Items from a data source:
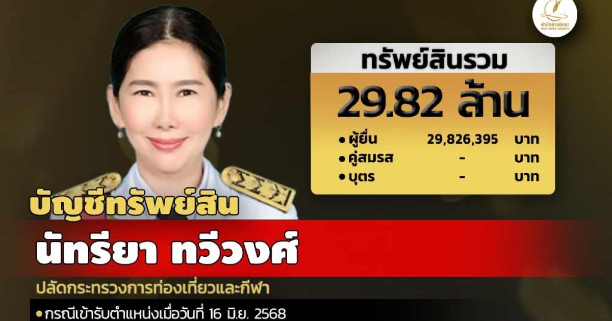สำนักงานคณะกรรมการป้องกันและปราบปรามการทุจริตแห่งชาติ (ป.ป.ช.) เปิดเผยบัญชีแสดงทรัพย์สินและหนี้สินของ นัทรียา ทวีวงศ์ ปลัดกระทรวงการท่องเที่ยวและกีฬา ทรัพย์สิน 29.82 ล. ประกอบด้วย เงินฝาก 4 บัญชี มูลค่ารวม 377,656 บาท ที่ดิน 1 แปลง มูลค่า 10 ล. โรงเรือนและสิ่งปลูกสร้าง มูลค่า 4 ล. เป็นบ้าน 1 หลัง ผู้ยื่นแจ้งมีรายได้ มูลค่ารวม 1.85 ล.
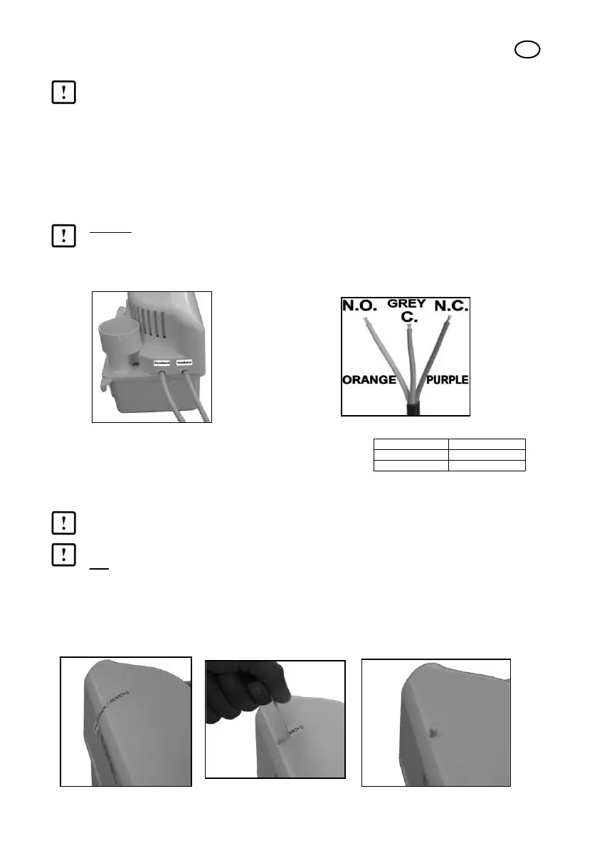 Utöver nätkabeln (POWER) är pumpen även utrustad med en signalkabel (ALARM), se bild 4.
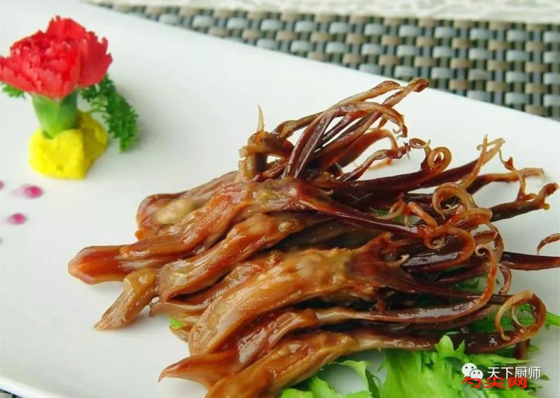 工藝:1、鴨舌洗凈,加入蔥、姜、料酒碼去腥味。2、將腌好的鴨舌入熱水( 水中加蔥姜 )焯一下撈出,去除血水和腥味。3、鹵水燒開,放入仔姜、鹽、雞精各適量以及袋裝保鮮青花椒100克、干辣椒60克、干紅花椒50克、干青花椒50克,再次下入香料包,倒入鴨舌,鹵約3分鐘即可關火,再浸泡2分鐘后撈出走菜。
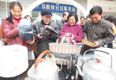 3月31日,荆门市东宝区苏畈桥社区举办的社区”跳蚤市场”环保公益行动正式启动,活动中,居民将家中闲置不用的废旧物品,拿到指定地点进行交换或交易。社区跳蚤市场活动不仅实现可再生资源重复利用,同时能增进社区邻里之间的相互沟通与情感交流。(本报视界网宁新生摄)
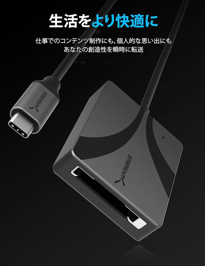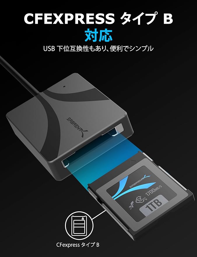 素早くて簡単:Sabrent の USB タイプ C CFexpress タイプ B カードリーダー (CR-CFXB) は、CFexpress タイプ B メモリーカードに対応し、USB-C ホストポート経由で最適に読 み取ることができます。これにより、編集やバックアップのためにコンテンツを迅速か つ容易に転送することができます。
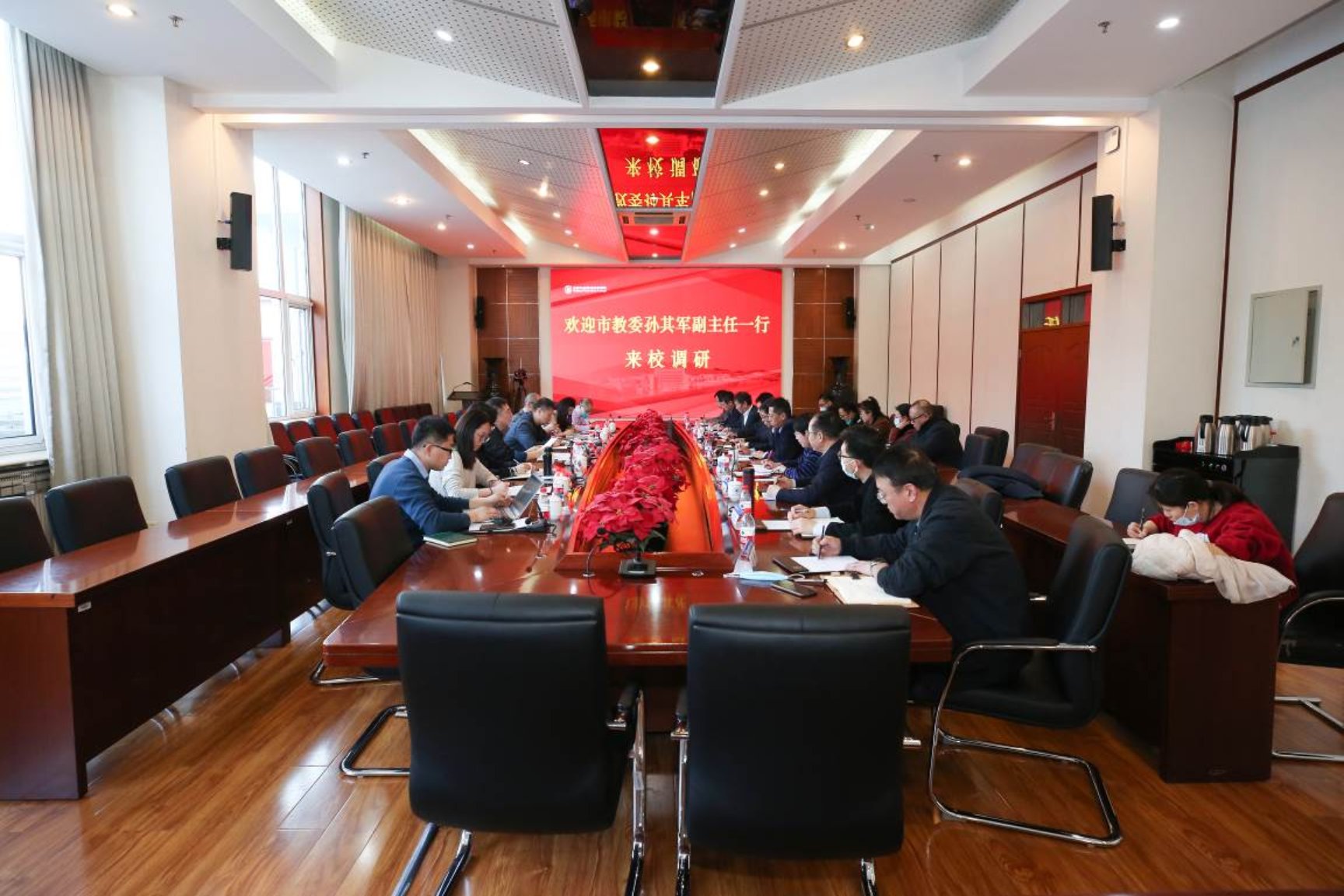 3月3日上午,北京市教委副主任孫其軍一行到北京工業職業技術學院調研職業教育工作。市教委職成處副處長余俊、市教委職成處四級調研員張蘭,市教委職成處、市教育督導評估院、市教科院高教所相關干部和專家隨同調研。學校黨委書記高喜軍,黨委副書記、院長安江英,黨委常委、副院長周燕,黨委常委、紀委書記張萌萌,黨委常委、院長助理謝光輝,黨政辦、人事處及各二級學院部門負責人參與了調研活動。
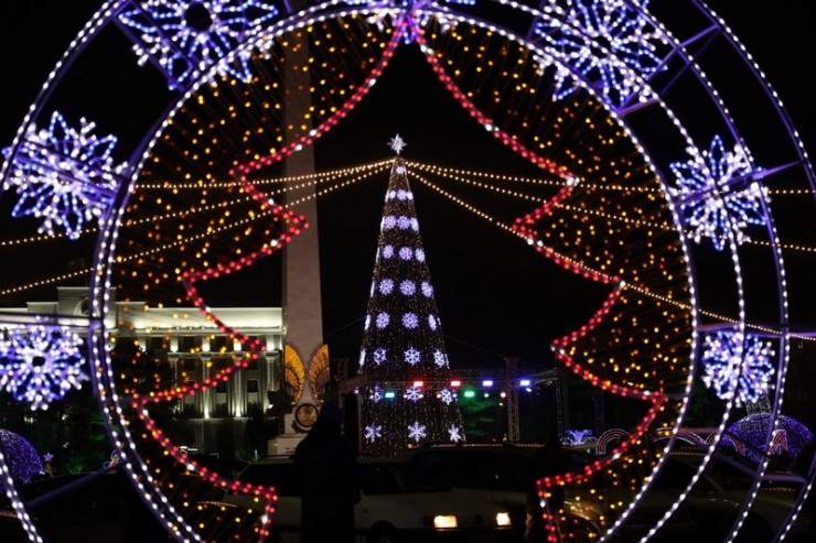 Новую 20-метровую ель установили по традиции на центральной площади Независимости, перед областным акиматом. Ее зажгли 25 декабря.

Task requirements:
Give back every entry in full, exactly as written, with no picture included.

Answer to this exercise:
สำนักงานคณะกรรมการป้องกันและปราบปรามการทุจริตแห่งชาติ (ป.ป.ช.) เปิดเผยบัญชีแสดงทรัพย์สินและหนี้สินของ นัทรียา ทวีวงศ์ ปลัดกระทรวงการท่องเที่ยวและกีฬา ทรัพย์สิน 29.82 ล. ประกอบด้วย เงินฝาก 4 บัญชี มูลค่ารวม 377,656 บาท ที่ดิน 1 แปลง มูลค่า 10 ล. โรงเรือนและสิ่งปลูกสร้าง มูลค่า 4 ล. เป็นบ้าน 1 หลัง ผู้ยื่นแจ้งมีรายได้ มูลค่ารวม 1.85 ล.
 Utöver nätkabeln (POWER) är pumpen även utrustad med en signalkabel (ALARM), se bild 4.
 工藝:1、鴨舌洗凈,加入蔥、姜、料酒碼去腥味。2、將腌好的鴨舌入熱水( 水中加蔥姜 )焯一下撈出,去除血水和腥味。3、鹵水燒開,放入仔姜、鹽、雞精各適量以及袋裝保鮮青花椒100克、干辣椒60克、干紅花椒50克、干青花椒50克,再次下入香料包,倒入鴨舌,鹵約3分鐘即可關火,再浸泡2分鐘后撈出走菜。
 3月31日,荆门市东宝区苏畈桥社区举办的社区”跳蚤市场”环保公益行动正式启动,活动中,居民将家中闲置不用的废旧物品,拿到指定地点进行交换或交易。社区跳蚤市场活动不仅实现可再生资源重复利用,同时能增进社区邻里之间的相互沟通与情感交流。(本报视界网宁新生摄)
 素早くて簡単:Sabrent の USB タイプ C CFexpress タイプ B カードリーダー (CR-CFXB) は、CFexpress タイプ B メモリーカードに対応し、USB-C ホストポート経由で最適に読 み取ることができます。これにより、編集やバックアップのためにコンテンツを迅速か つ容易に転送することができます。
 3月3日上午,北京市教委副主任孫其軍一行到北京工業職業技術學院調研職業教育工作。市教委職成處副處長余俊、市教委職成處四級調研員張蘭,市教委職成處、市教育督導評估院、市教科院高教所相關干部和專家隨同調研。學校黨委書記高喜軍,黨委副書記、院長安江英,黨委常委、副院長周燕,黨委常委、紀委書記張萌萌,黨委常委、院長助理謝光輝,黨政辦、人事處及各二級學院部門負責人參與了調研活動。
 Новую 20-метровую ель установили по традиции на центральной площади Независимости, перед областным акиматом. Ее зажгли 25 декабря.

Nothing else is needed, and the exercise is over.